Sous nos tropiques, la contestation de la volonté du chef n’est pas la règle. Même si dans ce cas précis, il est bien possible que tout cela relève plutôt d’une crise en rapport avec les enjeux liés au pouvoir. Mais en attendant, c’est tout de même une crise qui ne tombe pas particulièrement au bon moment pour le médiateur attitré de l’Afrique de l’Ouest.

S’il ne s’empresse pas de lire les signes prémonitoires se rattachant aux défections importantes au sein de son propre parti, Blaise qui rêve du prix Nobel de la paix pourrait bien connaître le sort d’un certain Tanja Mamadou [élu président du Niger en 1999 et renversé par un coup d’Etat en 2010]. En effet, jusqu’à dimanche, la modification de l’article 37 de la constitution burkinabé pouvant permettre à Blaise Compaoré d’aller au-delà de ses deux mandats constitutionnels, était de l’ordre du possible.

"Il aura du mal à remonter la pente"

Lui et ceux qui le poussaient à agir dans le sens du forcing misaient sur la faiblesse relative de l’opposition qu’il a en face. Il est vrai que Zéphirin Diabré et autre Me Bénewendé Sankara n’ont pas toujours réussi à inspirer aux Burkinabé l’alternative qu’ils souhaitent à Blaise Compaoré.

Les querelles récurrentes et le nomadisme politique qui ont souvent miné l’opposition burkinabé n’étaient pas de nature à rassurer quant à sa crédibilité. En somme, jusqu’ici, Blaise comptait exploiter certaines faiblesses de ses adversaires pour, soit s’assurer un nouveau mandat, soit pour se mettre à l’abri de poursuites judiciaires, après son règne en propulsant son frère comme son successeur.

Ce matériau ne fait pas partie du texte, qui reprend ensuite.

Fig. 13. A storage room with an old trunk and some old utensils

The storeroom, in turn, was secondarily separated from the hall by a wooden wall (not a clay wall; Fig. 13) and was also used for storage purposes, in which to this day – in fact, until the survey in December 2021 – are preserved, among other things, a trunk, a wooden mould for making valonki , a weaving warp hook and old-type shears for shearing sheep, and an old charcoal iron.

Sauf qu’avec l’opposition qui vient de se déclarer dans les rangs même du CDP, cela risque d’être plus compliqué. En se faisant désavouer par ses propres lieutenants, il aura du mal à remonter la pente. Avec l’acte de démission que viennent de poser Roch Marc Christian Kaboré, Simon Compaoré, l’ancien ministre Salif Diallo et autres cadres et non des moindres du CDP, ce sont les soupçons autour du chef de l’Etat burkinabé qui se renforcent. Pour l’opposition dont les thèses s’en trouvent crédibilisées davantage, c’est bien évidemment du pain béni. Le coup de pousse inespéré !

Jusqu’à "l’entêtement le plus suicidaire" ?

Dorénavant, Blaise pourrait se retrouver en face d’une opposition interne à son propre parti, de ses adversaires politiques classiques ainsi que d’une bonne partie de la société civile. Dans les conditions normales, quand un concours de circonstances fait que tout ce beau monde se ligue contre vous, le bon sens voudrait qu’on se choisisse une sortie honorable.

C’est à se demander si Blaise Compaoré en sera capable. Pas nécessairement parce qu’il en serait incapable en tant qu’être humain; mais il semble être de la trempe des dirigeants africains qui, devant les enjeux liés au pouvoir, peuvent se laisser aller à l’entêtement le plus suicidaire.

Il devrait pourtant s’inspirer du cas Tanja du Niger voisin. Celui-ci était resté sourd à toutes les mises en gardes des institutions républicaines de son pays. Mais il avait bien fini par se plier à la volonté de l’armée nigérienne. Or, quand on évalue ce que les coups d’Etat ont causé à certains pays de la région ces dernières années, ce serait hautement patriotique d’en épargner son pays et ses compatriotes.